Épidémie de choléra au Tchad : N’Djamena en première ligne face à la mortalité
Le choléra progresse rapidement au Tchad, où le bilan s’alourdit chaque jour. Au 8 août, 320 cas et 15 décès ont été recensés, dont 52 nouvelles contaminations en seulement 72 heures. La capitale, N’Djamena, enregistre la mortalité la plus élevée, avec huit décès parmi 92 malades. Parallèlement, plus de 143 000 personnes ont déjà bénéficié d’une vaccination dans les zones prioritaires.
- Santé

Au Tchad, la situation épidémiologique liée au choléra se dégrade rapidement. Au 8 août, le pays comptait 320 cas confirmés et 15 décès, selon les dernières données disponibles. En seulement trois jours, 52 nouveaux cas ont été identifiés. Le taux de létalité national atteint désormais 4,7 %, un chiffre alarmant comparé au seuil d’1 % considéré comme acceptable lorsque la maladie est maîtrisée. Trois régions sont particulièrement affectées : Hadjer-Lamis, le Lac et la capitale N’Djamena. Au total, 58 villages et quartiers répartis dans douze zones sanitaires signalent des cas de contamination.
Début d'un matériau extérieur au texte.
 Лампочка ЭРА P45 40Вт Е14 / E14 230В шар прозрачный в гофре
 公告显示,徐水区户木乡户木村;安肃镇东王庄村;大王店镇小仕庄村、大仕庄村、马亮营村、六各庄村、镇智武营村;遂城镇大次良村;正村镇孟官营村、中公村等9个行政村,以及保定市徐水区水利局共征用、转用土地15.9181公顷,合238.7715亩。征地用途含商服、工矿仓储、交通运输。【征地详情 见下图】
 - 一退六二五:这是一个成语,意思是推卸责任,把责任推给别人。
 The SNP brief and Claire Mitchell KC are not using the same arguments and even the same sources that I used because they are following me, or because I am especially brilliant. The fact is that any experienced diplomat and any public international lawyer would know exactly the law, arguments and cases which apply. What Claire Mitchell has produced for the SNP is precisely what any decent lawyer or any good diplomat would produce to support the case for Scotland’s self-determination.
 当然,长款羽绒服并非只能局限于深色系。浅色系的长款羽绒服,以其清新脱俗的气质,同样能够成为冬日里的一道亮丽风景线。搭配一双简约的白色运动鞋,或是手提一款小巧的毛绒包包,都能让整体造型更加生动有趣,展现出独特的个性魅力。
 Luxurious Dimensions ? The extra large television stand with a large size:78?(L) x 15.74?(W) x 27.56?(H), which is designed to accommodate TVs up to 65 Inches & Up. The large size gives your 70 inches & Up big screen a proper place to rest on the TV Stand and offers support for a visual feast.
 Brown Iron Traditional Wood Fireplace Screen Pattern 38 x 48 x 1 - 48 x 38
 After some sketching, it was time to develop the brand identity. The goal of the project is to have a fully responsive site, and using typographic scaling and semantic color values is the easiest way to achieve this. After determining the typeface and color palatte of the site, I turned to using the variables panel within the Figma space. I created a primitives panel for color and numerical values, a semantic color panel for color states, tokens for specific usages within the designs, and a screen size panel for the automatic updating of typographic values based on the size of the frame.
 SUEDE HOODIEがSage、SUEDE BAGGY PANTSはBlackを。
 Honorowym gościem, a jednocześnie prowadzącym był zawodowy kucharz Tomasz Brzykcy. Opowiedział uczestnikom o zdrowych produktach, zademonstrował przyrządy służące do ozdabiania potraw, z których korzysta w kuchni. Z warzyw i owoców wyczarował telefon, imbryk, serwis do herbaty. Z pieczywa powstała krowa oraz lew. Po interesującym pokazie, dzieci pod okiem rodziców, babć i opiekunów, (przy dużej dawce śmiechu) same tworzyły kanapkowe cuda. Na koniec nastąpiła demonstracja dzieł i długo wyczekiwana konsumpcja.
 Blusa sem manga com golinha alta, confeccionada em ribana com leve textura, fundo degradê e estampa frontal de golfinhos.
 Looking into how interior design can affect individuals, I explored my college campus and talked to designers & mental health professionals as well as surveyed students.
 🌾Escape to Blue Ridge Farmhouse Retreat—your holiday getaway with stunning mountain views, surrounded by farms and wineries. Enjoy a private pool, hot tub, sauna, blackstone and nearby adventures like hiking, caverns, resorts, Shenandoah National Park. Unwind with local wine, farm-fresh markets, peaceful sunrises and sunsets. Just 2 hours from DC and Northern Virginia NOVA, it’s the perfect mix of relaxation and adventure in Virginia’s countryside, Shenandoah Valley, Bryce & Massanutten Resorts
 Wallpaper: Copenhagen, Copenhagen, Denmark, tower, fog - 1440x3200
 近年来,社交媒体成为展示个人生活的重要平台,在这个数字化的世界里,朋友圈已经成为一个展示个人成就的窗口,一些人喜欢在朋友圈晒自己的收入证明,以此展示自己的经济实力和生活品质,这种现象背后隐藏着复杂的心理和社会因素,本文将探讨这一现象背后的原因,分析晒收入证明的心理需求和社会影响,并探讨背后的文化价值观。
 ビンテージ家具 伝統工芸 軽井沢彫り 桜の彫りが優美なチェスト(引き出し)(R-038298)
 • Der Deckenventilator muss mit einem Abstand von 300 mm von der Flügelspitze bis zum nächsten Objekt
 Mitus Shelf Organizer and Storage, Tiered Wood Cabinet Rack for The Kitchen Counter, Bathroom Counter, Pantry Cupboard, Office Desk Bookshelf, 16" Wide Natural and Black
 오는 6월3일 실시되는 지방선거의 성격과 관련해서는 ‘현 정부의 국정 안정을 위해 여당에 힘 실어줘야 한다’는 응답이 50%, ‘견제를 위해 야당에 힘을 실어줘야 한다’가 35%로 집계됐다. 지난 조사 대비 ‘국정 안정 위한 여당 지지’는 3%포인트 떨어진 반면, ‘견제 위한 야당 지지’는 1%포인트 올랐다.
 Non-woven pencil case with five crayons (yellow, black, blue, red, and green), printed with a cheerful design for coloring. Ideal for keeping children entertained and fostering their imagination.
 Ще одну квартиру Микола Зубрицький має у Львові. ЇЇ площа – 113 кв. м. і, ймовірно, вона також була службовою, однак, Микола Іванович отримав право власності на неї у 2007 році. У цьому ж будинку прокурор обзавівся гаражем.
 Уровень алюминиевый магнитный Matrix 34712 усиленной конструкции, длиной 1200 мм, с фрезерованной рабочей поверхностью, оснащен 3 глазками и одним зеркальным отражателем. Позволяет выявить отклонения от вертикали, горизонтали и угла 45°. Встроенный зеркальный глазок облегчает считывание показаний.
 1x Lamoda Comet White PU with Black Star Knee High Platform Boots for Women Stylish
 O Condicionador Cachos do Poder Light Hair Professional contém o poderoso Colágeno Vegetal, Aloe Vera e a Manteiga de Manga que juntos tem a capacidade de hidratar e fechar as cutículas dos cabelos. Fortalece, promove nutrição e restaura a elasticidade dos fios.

Hadjer-Lamis se distingue par le nombre le plus élevé de cas, avec 168 malades et cinq décès, soit un taux de létalité de 3 %. À N’Djamena, bien que moins touchée en volume, la situation est bien plus critique : 92 cas et huit décès, correspondant à un taux de létalité de 8,7 %. Dans la province du Lac, autour du district de Kangalom, on dénombre 60 cas et deux décès, avec une létalité de 3,3 %. Les analyses en laboratoire confirment une circulation active du vibrion cholérique, puisque 56 % des prélèvements (27 sur 48) se sont révélés positifs.
Une épidémie qui touche principalement les enfants
Une particularité frappe les observateurs : l’âge médian des patients est exceptionnellement bas, à seulement 10 ans. De plus, 84 % des malades présentent une déshydratation modérée ou sévère, une complication grave nécessitant une intervention médicale immédiate. Le taux d’attaque national est estimé à 13,3 cas pour 100 000 habitants, soulignant l’ampleur de la propagation.
Les défis de la riposte sanitaire
Face à cette crise, les équipes médicales déploient une campagne de vaccination ciblée. Au 8 août, 143 367 personnes avaient reçu le vaccin, soit près de 90 % de la population prioritaire. Cependant, plusieurs obstacles entravent l’efficacité des mesures : accès limité à l’eau potable, infrastructures d’assainissement insuffisantes, pratiques de défécation en plein air, forte densité démographique dans certaines zones et mouvements migratoires fréquents. Dans la province du Lac, les difficultés logistiques compliquent encore la sensibilisation, le suivi des patients et l’organisation des soins.
Pour limiter la propagation, les autorités sanitaires recommandent des gestes simples mais essentiels : lavage régulier des mains avec de l’eau propre et du savon, consommation exclusive d’eau potable ou bouillie, et consultation médicale urgente en cas de diarrhée aiguë. Le choléra, infection intestinale aiguë, se transmet par l’ingestion d’aliments ou d’eau contaminés. Sans traitement rapide, ses formes graves peuvent entraîner une déshydratation mortelle en quelques heures.